Quatre naines blanche

Mark Hollands de l’université de Warwick, au Royaume-Uni, et ses collègues ont découvert que ce matériau est similaire à la croûte terrestre, ce qui pourrait aider à révéler si la formation de notre propre planète est un processus commun dans toute la galaxie.

Le spectre de la lumière émise par ces naines blanches est, sans surprise, très blanc – comme une feuille de papier vierge, explique Jay Farihi de l’University College London. Ainsi, lorsqu’un corps astronomique heurte une naine blanche, sa matière laisse une signature dans le spectre de la lumière qui provient de l’étoile, ce qui permet aux astronomes de déterminer de quoi était fait l’autre corps.

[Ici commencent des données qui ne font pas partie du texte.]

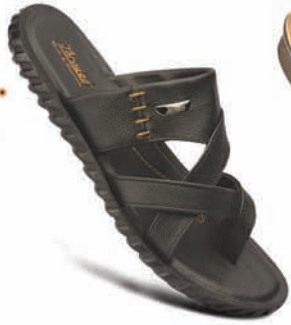
Model No.: 6901 MRP: ₹339.00
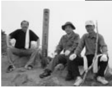
笠取山の山頂にて。
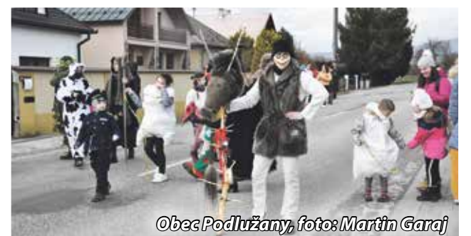
Obec Podlužany, foto: Martin Garaj
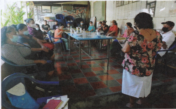
Asamblea de afiliados/as en Suchitoto, Cuscatlán
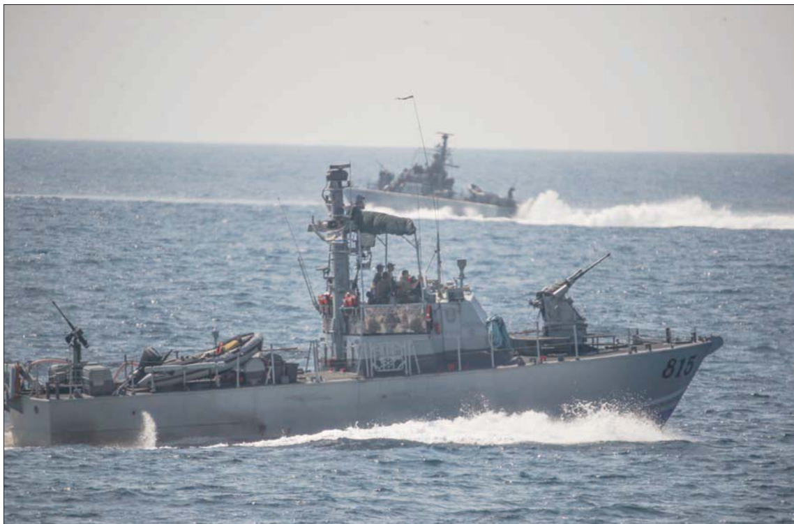
باخرتان حربيّتان للبحرية الإسرائيلية مقابل الشواطئ اللبنانية أول من أمس الاثنين (إ.ب.أ)

بيروت، نذير رضا Power قبالة المنطقة الحدودية البحرية المتنازع عليها. وأفادت بان الوسيط الأميركي (سبيل) إلى بيروت خلال نهاية الأسبوع الجاري أو بداية الأسبوع المقبل، بناء على طلب الجانب اللبناني لترسيم الحدود البحرية والعمل على إنهائها في أسرع وقت ممكن». وقالت إن عون تلقى تقارير من قيادة الجيش حول تحركات السفينة قبالة المنطقة الحدودية البحرية.

Les éléments chimiques que l’on voit polluer les spectres des naines blanches correspondent souvent à ce que l’on s’attendrait à voir dans les astéroïdes, les noyaux et les manteaux des planètes, ou à la matière que l’on verrait si l’on écrasait toute la Terre, explique Amaury Triaud de l’université de Birmingham au Royaume-Uni.

Un profil chimique semblable à la Terre

Mais l’équipe de Hollands a repéré quatre naines blanches dont les spectres contiennent de la pollution, avec un profil chimique qui a le même rapport de lithium, sodium, potassium et calcium que la croûte terrestre.

« Il se peut que ce soit une planète qui a été détruite, où des morceaux de croûte qui ont été propulsés à un moment donné dans la naine blanche », dit M. Triaud. Selon lui, cela pourrait être l’occasion de savoir si la formation d’une croûte continentale semblable à celle de la Terre et la tectonique des plaques, sont communes dans toute la galaxie.

Fahiri affirme que les données de l’équipe de Hollands sont très incertaines et doute que cette pollution du spectre puisse être interprétée avec certitude comme provenant de cette croûte planétaire plutôt que d’astéroïdes ou d’autres matériaux planétaires.

Cette recherche a été pré-publiée dans arXiv.